• [DESCRIPTION OF THE TASK]
Leave the pictures out. Return all other data exactly.
*** RECORDS FOR PROCESSING ***
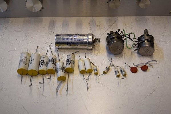 これらカップリングコンデンサーを当工房で#7オリジナルのレストアに使う組み合わせの代品に全て交換し、ボリュームもMarantz7オリジナル後期型純正の東京コスモスを当工房で少し手を加えることにより、オリジナル純正クラロスタットのように抜けの良い音に変えることができます。
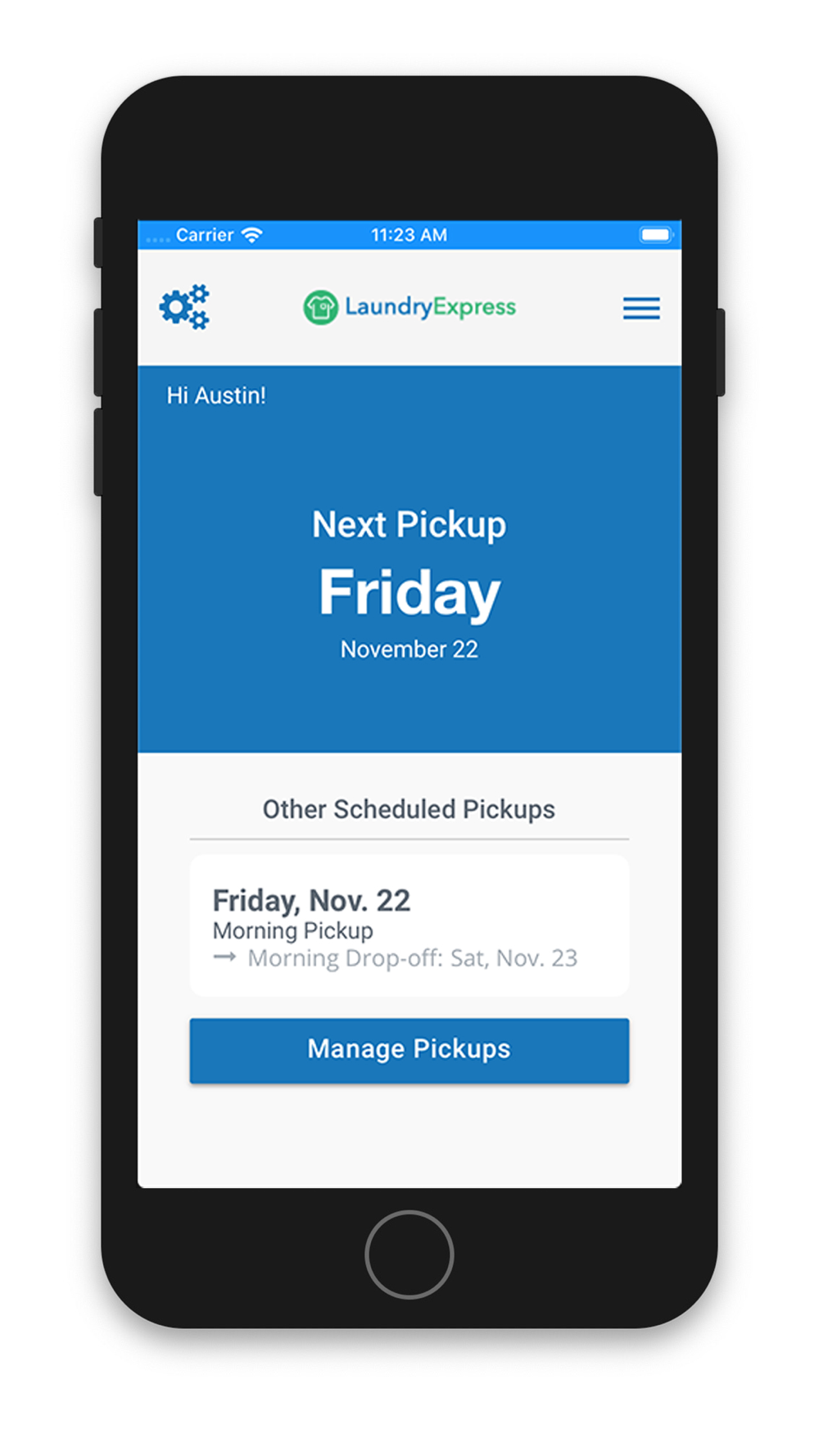 Laundry Express offers the best, personal, next-day return, laundry service. Create an account, choose your plan type weekly or by request set up your laundry preferences (everything from which detergents, fabric softeners and dryer sheets you like to how you want your clothes folded), set up your first pickup and say Goodbye! to laundry. From here on, weve got it! If you choose our by request plan, well send you a notification the day before were coming to your neighborhood to see if you want a pickup. If you do, just tap and well put you on the list. Regardless of whether youre on the weekly or by request plan, well send a reminder the night before your pickup and once again when the drivers on the way so you dont forget to leave your clothes out Choose Your plan type weekly or by request Detergents (familiar brands including eco-friendly, hypoallergenic and fragrance free) Fabric softeners Wash temps Dryer Sheets Dryer temps Folding preferences Notifications types and frequency Manage Pickups Account information Billing information Plan type Preferences Special instructions Vacation hold
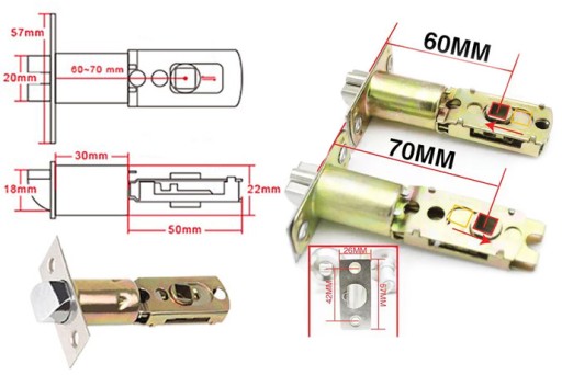 Klamkę możemy zamontować praktycznie na każdych drzwiach w których jest zamek wpuszczany ze standardowymi otworami o rozstawie 38 mm na skręcenie rozety a znajdujące się po lewej i po prawej stronie otworu na pręt kwadratowy.
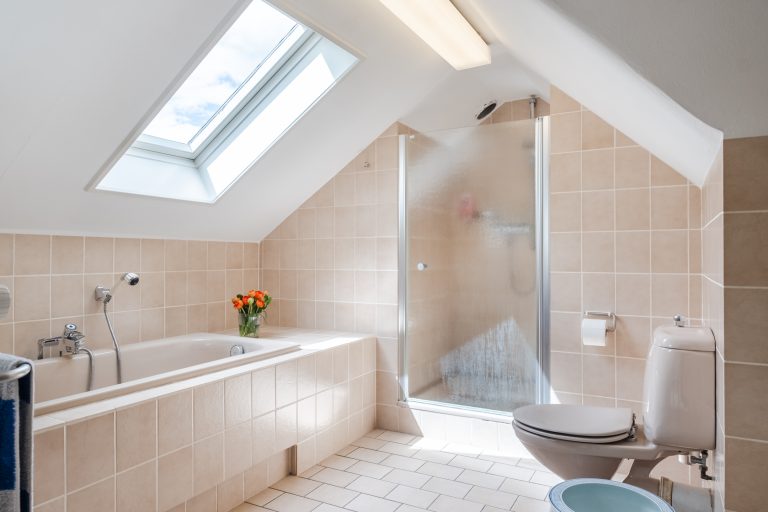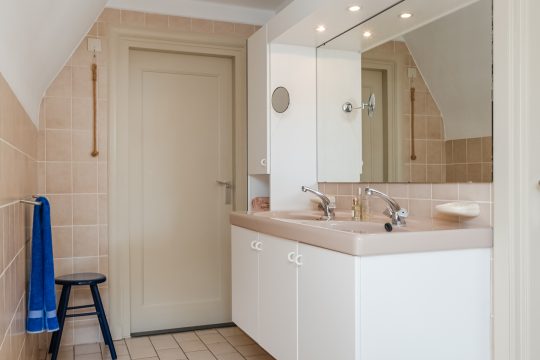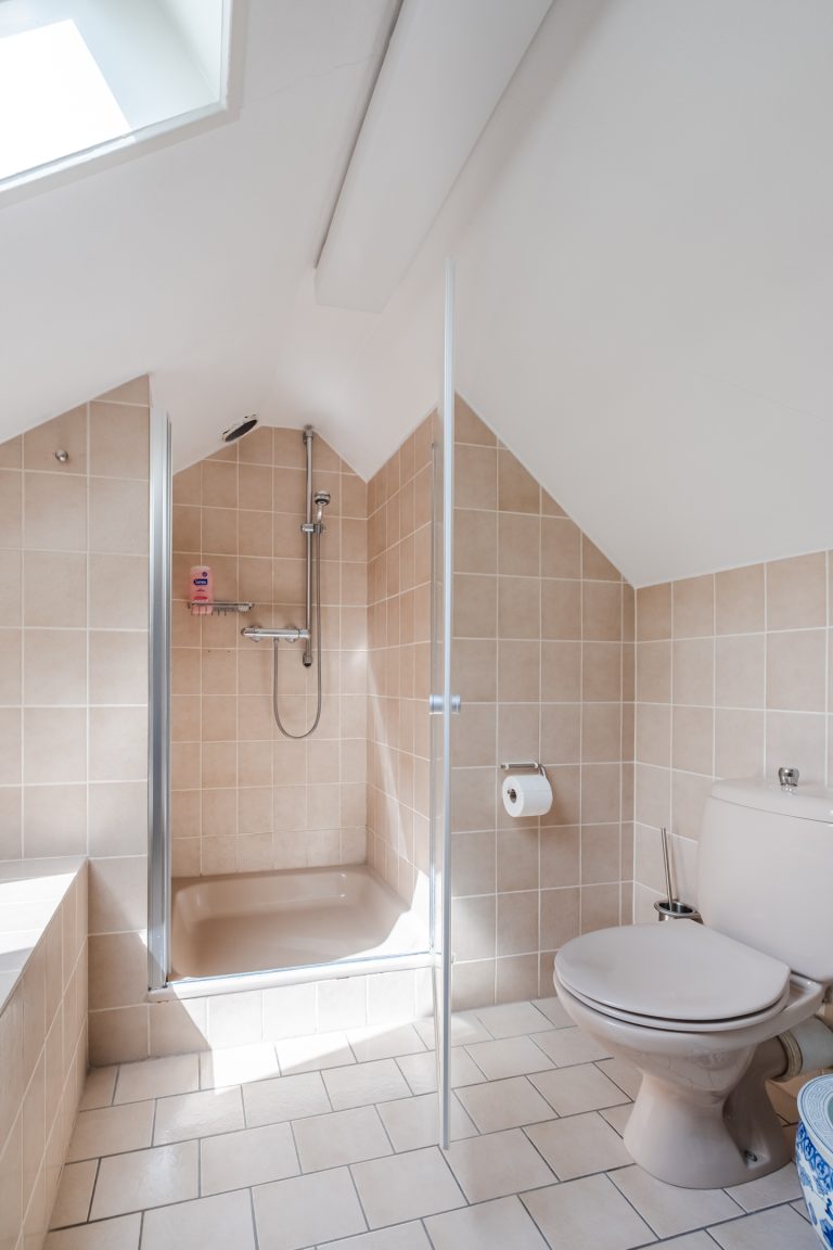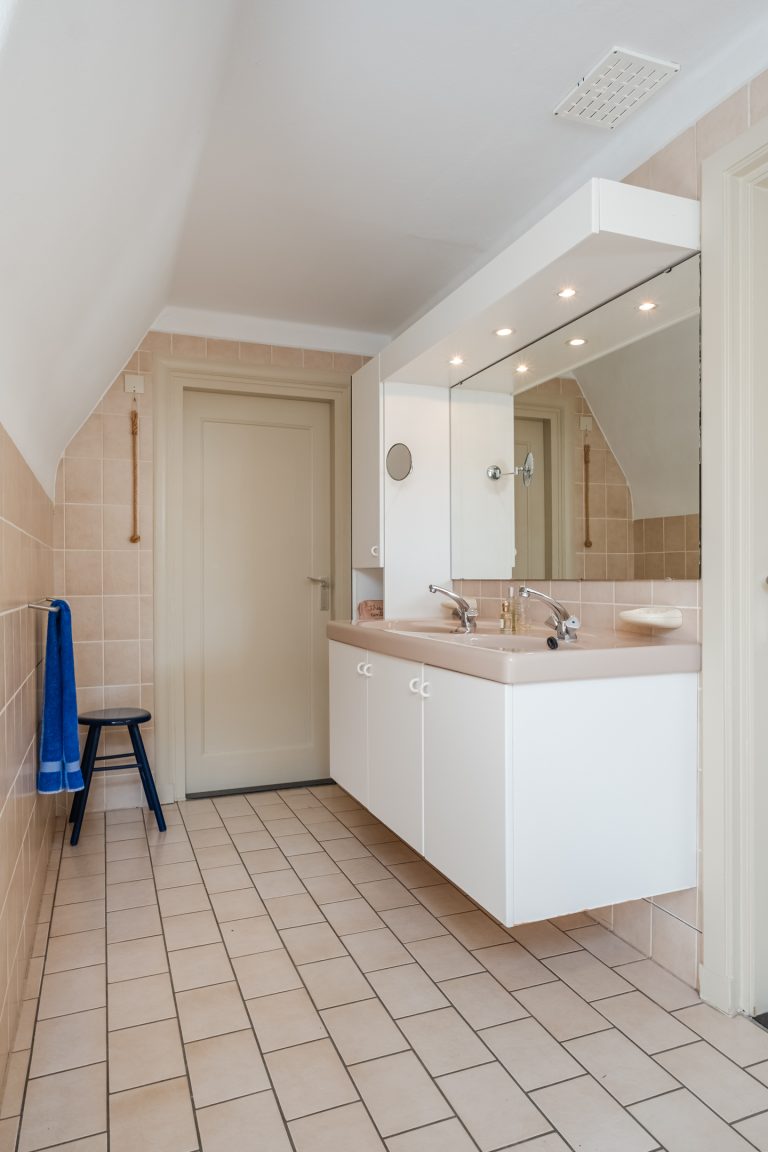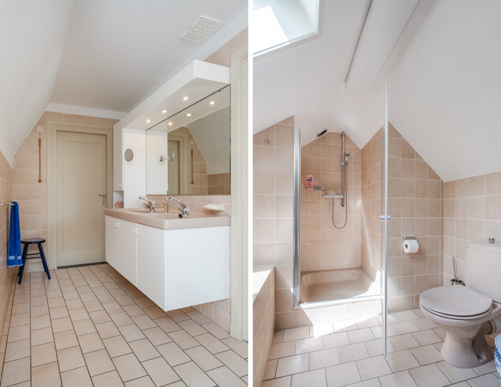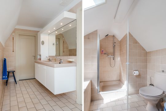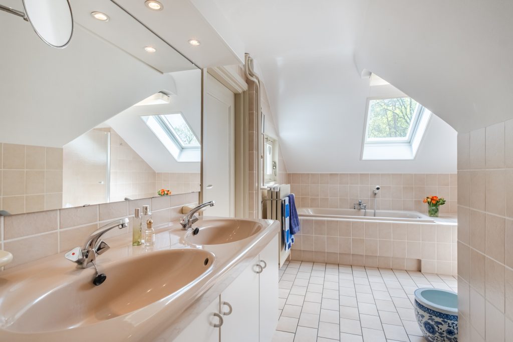Badkamer, geheel betegeld en voorzien van een dubbele wastafel in meubel, douchehoek met thermostaatkraan, ligbad met ééngreeps mengkraan, een duobloc closet en een dakraam.
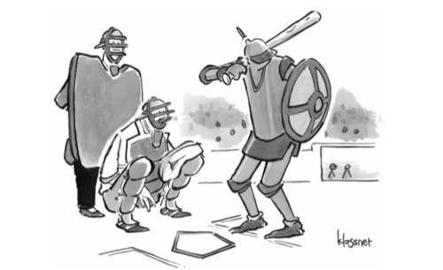 People work in different ways and I am particularly interested in the doodle first approach because that is what I find myself doing a lot and taking ideas from those doodles. In a sense both modes work as automatic exercises, though in a more organised way. This isn’t always entirely random, but I am intrigued by the fact that both cartoonists start with a blank canvas avoiding all distraction. The New Yorker caption contest plays out like a doodle first assignment. You get a drawing and then you find an appropriate caption. My captions usually come in the midst of a ballgame when my mind has had a rest from the image for a while.
*** End of RECORDS FOR PROCESSING ***
• [ANSWER FOR THIS EXERCISE]
 これらカップリングコンデンサーを当工房で#7オリジナルのレストアに使う組み合わせの代品に全て交換し、ボリュームもMarantz7オリジナル後期型純正の東京コスモスを当工房で少し手を加えることにより、オリジナル純正クラロスタットのように抜けの良い音に変えることができます。
 Laundry Express offers the best, personal, next-day return, laundry service. Create an account, choose your plan type weekly or by request set up your laundry preferences (everything from which detergents, fabric softeners and dryer sheets you like to how you want your clothes folded), set up your first pickup and say Goodbye! to laundry. From here on, weve got it! If you choose our by request plan, well send you a notification the day before were coming to your neighborhood to see if you want a pickup. If you do, just tap and well put you on the list. Regardless of whether youre on the weekly or by request plan, well send a reminder the night before your pickup and once again when the drivers on the way so you dont forget to leave your clothes out Choose Your plan type weekly or by request Detergents (familiar brands including eco-friendly, hypoallergenic and fragrance free) Fabric softeners Wash temps Dryer Sheets Dryer temps Folding preferences Notifications types and frequency Manage Pickups Account information Billing information Plan type Preferences Special instructions Vacation hold
 Klamkę możemy zamontować praktycznie na każdych drzwiach w których jest zamek wpuszczany ze standardowymi otworami o rozstawie 38 mm na skręcenie rozety a znajdujące się po lewej i po prawej stronie otworu na pręt kwadratowy.
Badkamer, geheel betegeld en voorzien van een dubbele wastafel in meubel, douchehoek met thermostaatkraan, ligbad met ééngreeps mengkraan, een duobloc closet en een dakraam.
 People work in different ways and I am particularly interested in the doodle first approach because that is what I find myself doing a lot and taking ideas from those doodles. In a sense both modes work as automatic exercises, though in a more organised way. This isn’t always entirely random, but I am intrigued by the fact that both cartoonists start with a blank canvas avoiding all distraction. The New Yorker caption contest plays out like a doodle first assignment. You get a drawing and then you find an appropriate caption. My captions usually come in the midst of a ballgame when my mind has had a rest from the image for a while.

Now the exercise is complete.